(Records from a data source)
---*---

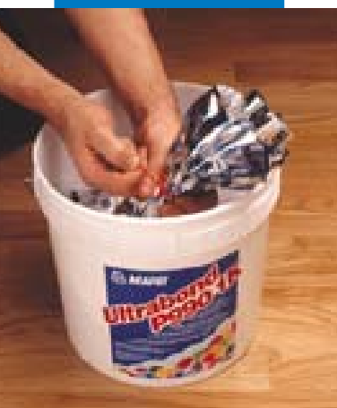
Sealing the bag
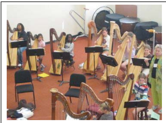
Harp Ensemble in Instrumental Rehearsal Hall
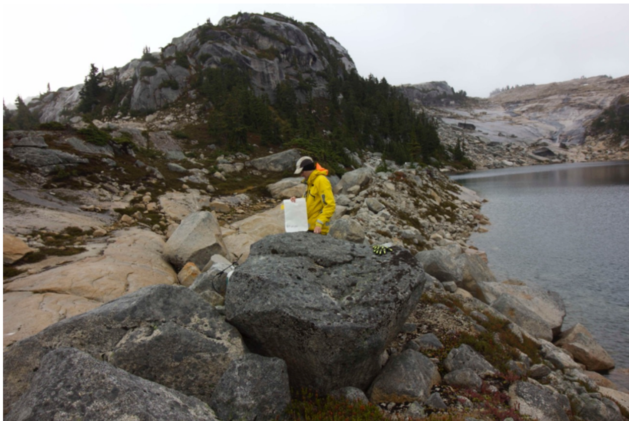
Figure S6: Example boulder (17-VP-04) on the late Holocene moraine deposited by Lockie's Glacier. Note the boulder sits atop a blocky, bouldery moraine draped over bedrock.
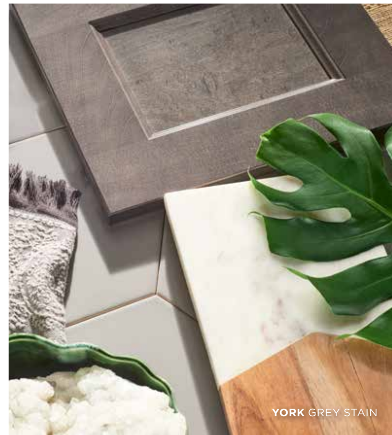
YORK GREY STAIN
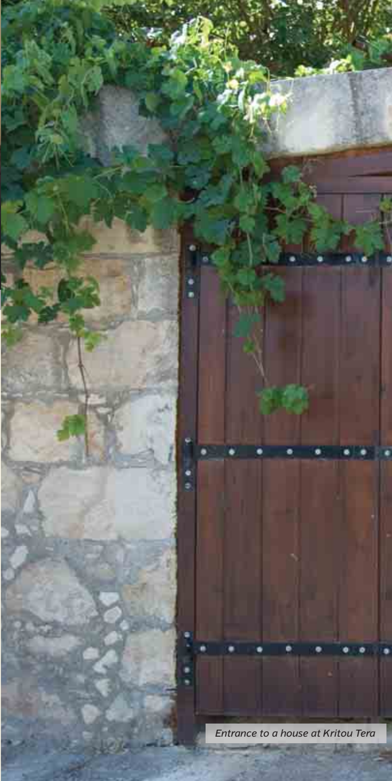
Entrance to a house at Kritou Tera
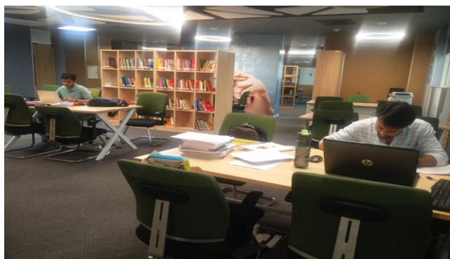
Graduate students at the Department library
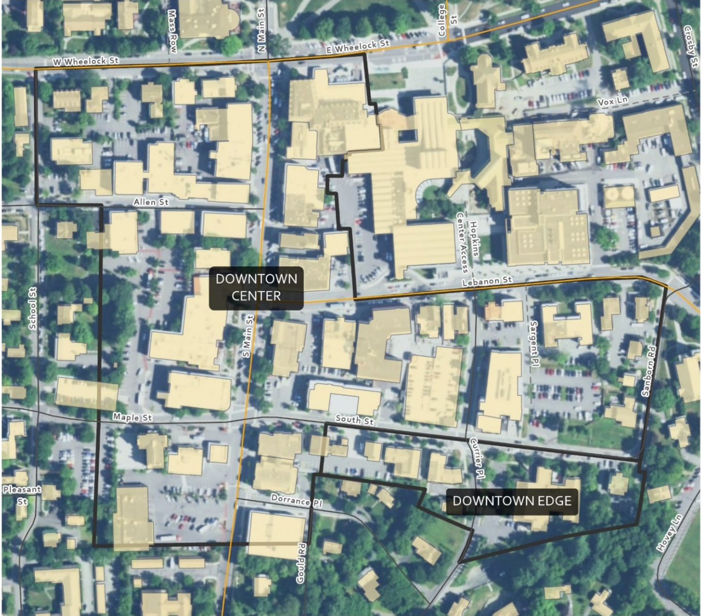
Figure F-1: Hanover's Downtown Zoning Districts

---*---

= Problem statement =
Reproduce the lines from the line containing "Figure S6: Example" through the end of the records above, exactly and inclusively, omitting pictures.

= Exercise result =
Figure S6: Example boulder (17-VP-04) on the late Holocene moraine deposited by Lockie's Glacier. Note the boulder sits atop a blocky, bouldery moraine draped over bedrock.
YORK GREY STAIN
Entrance to a house at Kritou Tera
Graduate students at the Department library
Figure F-1: Hanover's Downtown Zoning Districts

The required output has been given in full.